# Information supplied:
╔══

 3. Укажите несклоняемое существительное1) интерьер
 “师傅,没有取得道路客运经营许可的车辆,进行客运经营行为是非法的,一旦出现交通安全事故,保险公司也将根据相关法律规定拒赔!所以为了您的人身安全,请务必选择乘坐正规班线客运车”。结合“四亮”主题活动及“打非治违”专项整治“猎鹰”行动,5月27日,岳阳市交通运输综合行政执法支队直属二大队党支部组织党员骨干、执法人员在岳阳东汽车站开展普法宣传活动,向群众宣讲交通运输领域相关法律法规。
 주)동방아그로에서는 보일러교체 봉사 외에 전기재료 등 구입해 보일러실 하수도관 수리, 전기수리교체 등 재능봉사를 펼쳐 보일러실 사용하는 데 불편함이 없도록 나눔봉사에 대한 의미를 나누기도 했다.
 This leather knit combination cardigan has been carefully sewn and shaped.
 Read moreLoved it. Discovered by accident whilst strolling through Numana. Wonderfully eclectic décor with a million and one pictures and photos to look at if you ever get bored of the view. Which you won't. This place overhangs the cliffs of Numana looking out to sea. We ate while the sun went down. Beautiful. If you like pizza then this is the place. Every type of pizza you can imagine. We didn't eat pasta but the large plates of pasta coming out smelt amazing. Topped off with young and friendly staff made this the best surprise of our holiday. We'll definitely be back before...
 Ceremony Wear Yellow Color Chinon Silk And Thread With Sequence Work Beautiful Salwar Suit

╚══
╔══

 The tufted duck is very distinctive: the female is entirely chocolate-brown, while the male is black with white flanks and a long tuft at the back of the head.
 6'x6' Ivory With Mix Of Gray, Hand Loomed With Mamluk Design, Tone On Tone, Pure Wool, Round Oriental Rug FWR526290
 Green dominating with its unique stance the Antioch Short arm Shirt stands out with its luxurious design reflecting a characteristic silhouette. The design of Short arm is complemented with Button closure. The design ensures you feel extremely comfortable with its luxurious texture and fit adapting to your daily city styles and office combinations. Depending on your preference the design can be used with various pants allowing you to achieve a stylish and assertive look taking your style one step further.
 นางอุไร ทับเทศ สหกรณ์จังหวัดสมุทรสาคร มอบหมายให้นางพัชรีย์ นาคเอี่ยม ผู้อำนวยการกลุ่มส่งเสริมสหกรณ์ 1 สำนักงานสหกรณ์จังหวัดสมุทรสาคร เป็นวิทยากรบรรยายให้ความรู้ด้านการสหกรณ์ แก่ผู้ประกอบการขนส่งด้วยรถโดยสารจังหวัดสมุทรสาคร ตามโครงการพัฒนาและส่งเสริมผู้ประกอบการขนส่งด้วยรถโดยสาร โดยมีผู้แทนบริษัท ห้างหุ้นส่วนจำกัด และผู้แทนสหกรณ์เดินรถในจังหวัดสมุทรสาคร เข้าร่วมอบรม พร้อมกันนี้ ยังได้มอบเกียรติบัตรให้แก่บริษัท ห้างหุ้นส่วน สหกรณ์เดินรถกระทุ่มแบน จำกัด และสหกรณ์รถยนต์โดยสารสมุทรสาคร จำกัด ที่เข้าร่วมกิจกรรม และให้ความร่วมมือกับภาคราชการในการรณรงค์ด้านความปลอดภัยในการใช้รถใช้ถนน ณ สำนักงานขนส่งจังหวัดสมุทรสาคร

╚══
╔══

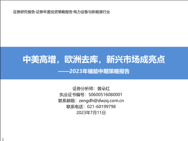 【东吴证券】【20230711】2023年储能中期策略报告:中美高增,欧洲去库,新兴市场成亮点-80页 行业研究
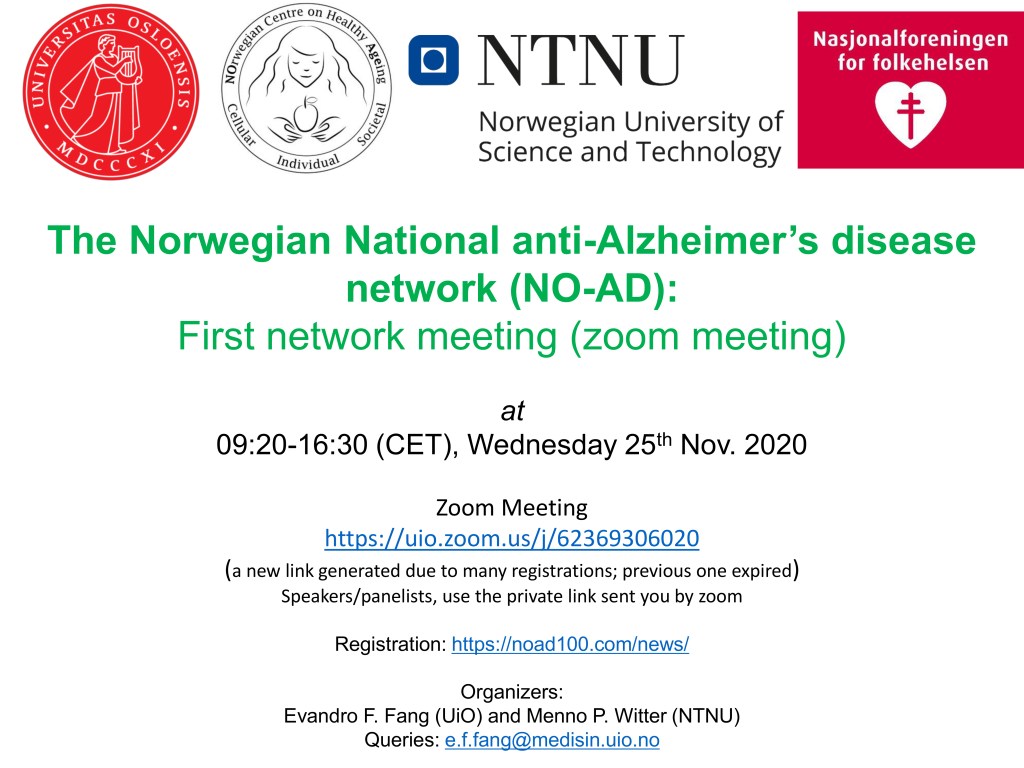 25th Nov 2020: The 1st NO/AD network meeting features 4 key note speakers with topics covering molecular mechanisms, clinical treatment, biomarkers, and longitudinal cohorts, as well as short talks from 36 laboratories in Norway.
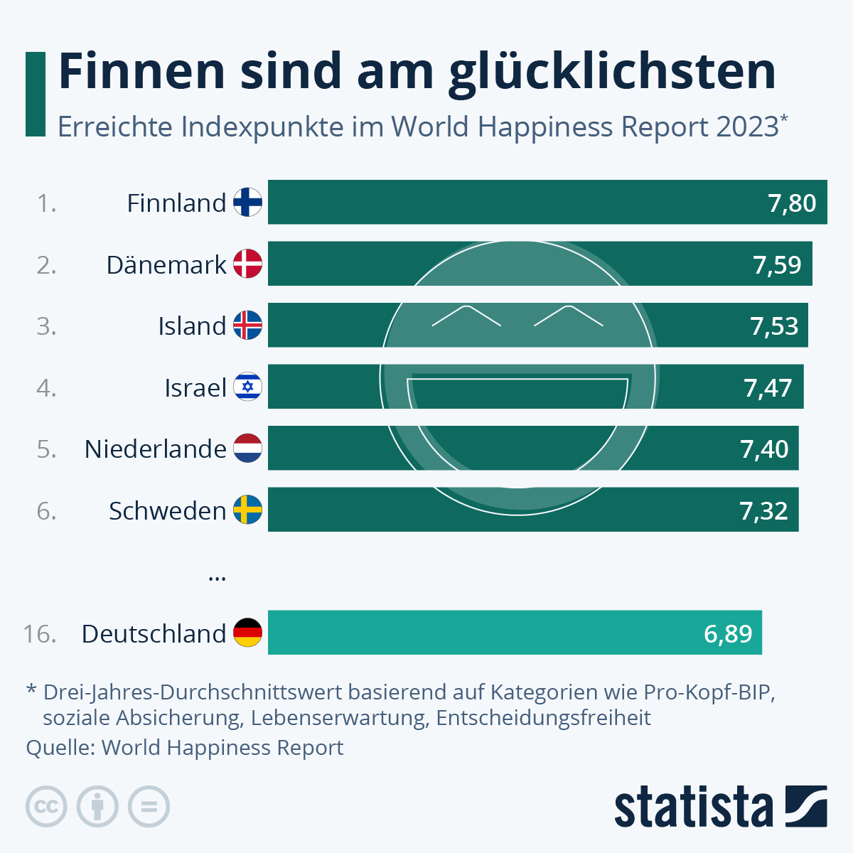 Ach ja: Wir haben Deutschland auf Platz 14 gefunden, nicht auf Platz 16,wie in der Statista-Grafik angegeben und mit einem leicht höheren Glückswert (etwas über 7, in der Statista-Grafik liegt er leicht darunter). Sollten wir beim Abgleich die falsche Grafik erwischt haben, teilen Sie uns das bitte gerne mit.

╚══

The lines to extract from the data above begin with the line containing "3. Укажите несклоняемое" and end with the line containing "주)동방아그로에서는 보일러교체 봉사". Extract them exactly, including both.

# Task solution:
 3. Укажите несклоняемое существительное1) интерьер
 “师傅,没有取得道路客运经营许可的车辆,进行客运经营行为是非法的,一旦出现交通安全事故,保险公司也将根据相关法律规定拒赔!所以为了您的人身安全,请务必选择乘坐正规班线客运车”。结合“四亮”主题活动及“打非治违”专项整治“猎鹰”行动,5月27日,岳阳市交通运输综合行政执法支队直属二大队党支部组织党员骨干、执法人员在岳阳东汽车站开展普法宣传活动,向群众宣讲交通运输领域相关法律法规。
 주)동방아그로에서는 보일러교체 봉사 외에 전기재료 등 구입해 보일러실 하수도관 수리, 전기수리교체 등 재능봉사를 펼쳐 보일러실 사용하는 데 불편함이 없도록 나눔봉사에 대한 의미를 나누기도 했다.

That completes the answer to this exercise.